The club was formed by pupils from a nearby school. In 1914 the club was officially formed and played their first match against FC Traunstein. The first match was lost by 1:4. Nevertheless, before the Second World War the SAK 1914 was the most successful football club in Salzburg. 1934, 1935 and 1937 they reached the final of the Austrian amateur championship. Eduard Kainberger, Karl Kainberger, Ernst Bacher and Adolf Laudon, the players of SAK, were part of the 1936 Olympic squad, where runners-up Austria won the silver medal. In all they reached 30 Championships in Salzburg.
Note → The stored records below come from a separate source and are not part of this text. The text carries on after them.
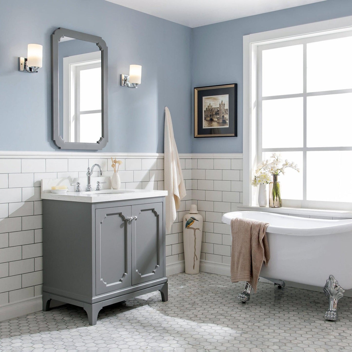 Water Creation Queen 30" Single Sink Quartz Carrara Vanity In Cashmere Grey With F2-0012-01-TL Lavatory Faucet(s)
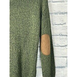 Cupcake Womens Size M Army Green Sweater V Neck Elbow Patch Side Slits Cozy T4
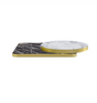 Scegli un piano tavolo in laminato lucido con profilo dorato per valorizzare il tuo ambiente con un elemento di forte impatto estetico e qualità garantita.
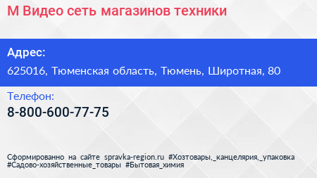 М.Видео, сеть магазинов техники по адресу 625016, Тюменская область, Тюмень, Широтная, 80 в дальнейшем Организация, размещена в следующих категориях:
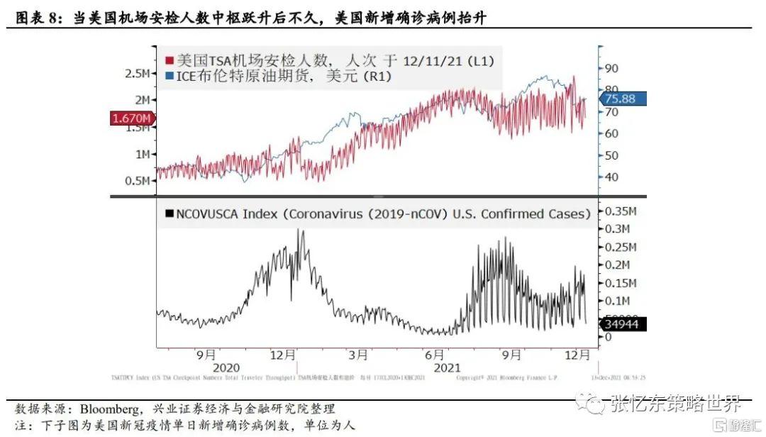 2021年每当疫情缓和、美国服务业进入修复阶段,长端利率都有上行动力;但之后,人员的流动带来更多的新增病例,进而对疫情的担忧提升,从而给长端利率施加下行的压力。当美国TSA机场安检人数中枢跃升后不久,美国新增确诊病例抬升,长端利率走低。这些阶段包括,去年6月份美国2次疫情冲击、今年7月份Delta variant冲击和今年11月底Omicron variant的恐慌性冲击和本土确诊。
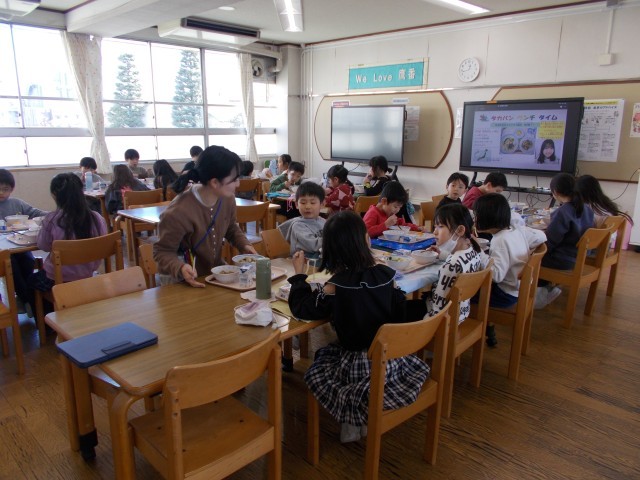 今日は給食委員会の児童が考えた献立第9弾でした。しっぽくうどんは香川県の郷土料理で、冬が旬の野菜をたっぷり使ったうどんです。煮干しでだしをとってるのもとくちょうです。レンコンの炒め煮は、豚肉とこんにゃく、レンコンを炒め煮にしました。ミカンのカップケーキは、みかんを約100こ使ってジャムを作り、ミカンの果皮はみじん切りにして入れました。さわやかな甘さのケーキで、子どもたちもよく食べてくれました。

After the war other clubs like SV Austria Salzburg or SK Bischofshofen were more successful but the SAK was the first team from Salzburg which reached the highest class (1952-Staatsliga A). Also in the 1961/62 and 1980/81 season they played in the highest division. All together the SAK played nine seasons in the professional leagues. But 1988 they were relegated from the 2.Division and playing ever since that time in amateur leagues.

The 2007/08 season was the last in their venue, the SAK Sportanlage Nonntal. It was renovated and was now called Sportzentrum Mitte. SAK ground-share with UFC Salzburg at this pitch.

==Notable players==
- Eduard Kainberger – won the silver medal with the Austrian team at the 1936 Olympic games in Berlin.	He played all 4 matches as goalkeeper and was the teamcaptain.
- Karl Kainberger – won the silver medal with the Austrian team at the 1936 Olympic games in Berlin. He played 2 matches and scored two goals.
- Adolf Laudon – won the silver medal with the Austrian team at the 1936 Olympic games in Berlin. He played all 4 matches and scored two goals.